A Associação Brasileira da Piscicultura (PEIXE BR) comemorou as decisões e destacou que as ações representam uma resposta concreta às demandas da cadeia produtiva por maior equilíbrio tributário e rigor sanitário na comercialização de pescados importados.
São Paulo estabelece tributação para filé de tilápia importado
No dia 2 de junho, o Governo do Estado de São Paulo anunciou a publicação de um decreto que passará a estabelecer uma alíquota de ICMS para o filé de tilápia importado.
Segundo representantes do setor, a medida contribui para reduzir distorções tributárias e criar condições mais equilibradas de concorrência entre o produto nacional e os importados. O objetivo é fortalecer a indústria aquícola brasileira, que vem ampliando sua participação no mercado interno e investindo em tecnologia, sustentabilidade e geração de empregos.
A iniciativa é considerada um marco para a piscicultura nacional, especialmente por partir do maior mercado consumidor do país.
Pernambuco reforça barreiras sanitárias para proteger a produção local
Outro avanço importante ocorreu em Pernambuco. Nesta terça-feira (3), a Agência de Defesa e Fiscalização Agropecuária de Pernambuco (ADAGRO) publicou uma portaria suspendendo a comercialização de pescados que possam representar riscos sanitários à produção aquícola estadual.
A medida contempla produtos relacionados à importação de tilápia e reforça a necessidade de controles sanitários rigorosos para evitar a entrada de agentes que possam comprometer a saúde dos plantéis brasileiros.
Para o setor produtivo, a decisão fortalece os mecanismos de defesa agropecuária e amplia a segurança para produtores, consumidores e toda a cadeia de abastecimento.

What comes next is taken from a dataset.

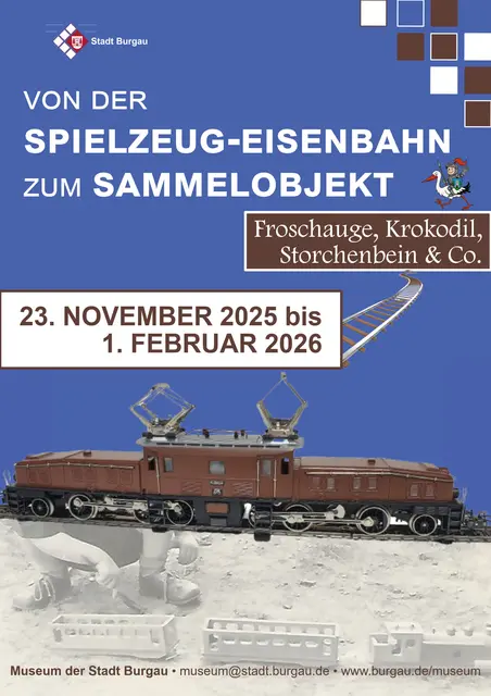 Sonderausstellung im Museum der Stadt Burgau vom 23. November 2025 bis 1. Februar 2026: „Von der Spielzeug-Eisenbahn zum Sammelobjekt. Froschauge, Krokodil, Storchenbein & Co.“

Estados ampliam debate sobre proteção à piscicultura
De acordo com a PEIXE BR, as medidas adotadas por São Paulo e Pernambuco representam um passo importante para a construção de um ambiente de negócios mais competitivo e sustentável para a piscicultura brasileira.
A entidade destaca que outros estados também avaliam iniciativas semelhantes. Mato Grosso e Bahia estão entre as unidades da federação que discutem mecanismos de proteção à cadeia produtiva, demonstrando uma crescente preocupação com a manutenção da competitividade do setor diante do aumento das importações.
O movimento reflete o esforço conjunto de governos estaduais, produtores, cooperativas, indústrias e entidades representativas em busca de maior isonomia tributária e sanitária entre os produtos nacionais e estrangeiros.
Setor mantém mobilização em defesa da produção nacional
A PEIXE BR ressaltou que os avanços obtidos são resultado da mobilização de toda a cadeia produtiva da piscicultura brasileira e agradeceu o apoio de produtores, empresas, lideranças e instituições envolvidas nas discussões.
A entidade informou ainda que continuará acompanhando o tema junto aos órgãos competentes para assegurar condições justas de mercado, estimular investimentos e promover o desenvolvimento sustentável da piscicultura nacional.
Com o Brasil consolidado entre os maiores produtores mundiais de tilápia, o setor considera que medidas voltadas ao equilíbrio concorrencial e à segurança sanitária são fundamentais para garantir o crescimento da atividade, ampliar a geração de renda no campo e fortalecer a oferta de pescado de qualidade ao consumidor brasileiro.